Pete hummed a little tune that Ramsey recognized from their drinking days. It was the old Jeopardy final round theme. When the last note ended, he said, “I'll do it. Maybe I'll find God for you. Then you'll really owe me.”

“You'd like that. How long you think?”

“Maybe tomorrow I can get you some preliminaries.”

“That's crazy.”

“That's what they say about me. Stay free and silly, old man.”

Ramsey texted Pete the Rio Chama de Milagro Shrine link.

The next thing he had to do was look up Orensen's New Gnostics website.

September 2015
Pretoria, South Africa

G
reta Van Horn scrolled through the computer files the GIS expert showed her on his tablet. Eyes narrowing, she asked bluntly, “Are these numbers accurate?”

Doctor Philippe Lindstrom nodded. “The results of the computational analyses are quite remarkable,” he said, his Danish accent a pleasant lilt.

She stared at the displays again. “Anyone else know about this?”

“I'm the only one who has seen these, Ms. Horn. You were the first person I called.”

“Keep it that way. I don't see any reason to bother Pieter Haas with this until there's something more substantial.”

“Yes Ms. Horn.”

Greta quickly downloaded the files into her data stick. Pieter had to see this right away. She hurried down the hall to the elevator. Pressing the button, the door opened instantly. It was the only entrance to this part of building. No one knew of the secret research lab one-hundred meters beneath the soaring office complex of the DeVere Mining Group except for members of the board of directors. Ignoring the elevator buttons on the panel, she pulled out a round shaped key and inserted it into the lock at the bottom of the panel. She turned it clockwise. The elevator hummed upward to the chairman's private office.

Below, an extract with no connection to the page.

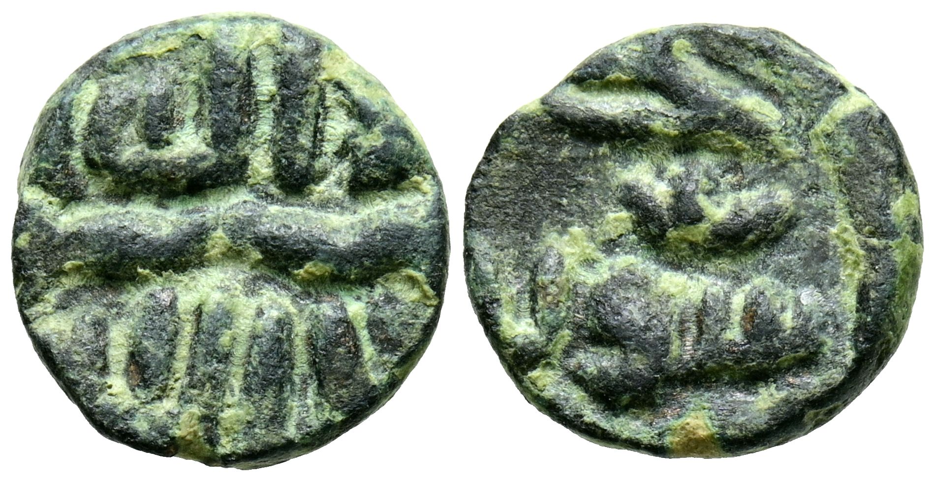 DEPENDENT EMIRATE OF CÓRDOBA, PERIOD OF GOVERNORS. Anonymous. Felus. (Ae. 2.02g/13mm). S/D. (Frochoso II-e). Anv: لاالله/ لااله ا with serpentine ornaments. Rev: رسواالله / محمد, with tulip ornament. Good Very Fine. Exemplary attractiveness.

DeVere had been the largest diamond company in the world for more than a century. There were younger companies nipping at their heels, especially in North America where new diamond possibilities had reportedly been found in Saskatchewan, Michigan, Wyoming and New Mexico, where DeVere held substantial interests.
And now this
, she thought, glancing though the papers a second time.

The elevator pinged and stopped. She straightened her conservative dark blue silk suit before hurrying across the hall and entering the closed door without announcing herself.

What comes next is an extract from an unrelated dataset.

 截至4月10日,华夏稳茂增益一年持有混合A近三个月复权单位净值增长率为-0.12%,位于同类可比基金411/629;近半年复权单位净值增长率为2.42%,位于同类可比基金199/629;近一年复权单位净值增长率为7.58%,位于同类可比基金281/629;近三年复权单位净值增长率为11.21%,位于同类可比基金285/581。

Pieter Haas was starring out the window at Pretoria. He didn't turn around. “It must be important, Greta,” he said. “You didn't knock.” The chairman of the DeVere Mining Group was a thin, well-groomed South African of Boer descent. His family traced their lineage back to the Voortrekkers who had escaped English rule in Cape Town and moved north and east into the Transvaal nearly 200 years ago.

“You'll want to see this,” Greta answered. She had been in the chairman's private penthouse many times, but the room never ceased to awe her. The suite was spacious with large picture windows on three sides giving an aerial view of the Magaliesberg Mountains forming a ring-like wall north of South Africa's third capital. Thick carpet covered the floor. Rare oil paintings of the Great Trek of the Dutch colonists, interspersed with Zulu and Ashanti art and artifacts, adorned the walls.

Haas turned slowly. His pale blue eyes narrowed as she walked across the room and handed him the thick file. “What's this?”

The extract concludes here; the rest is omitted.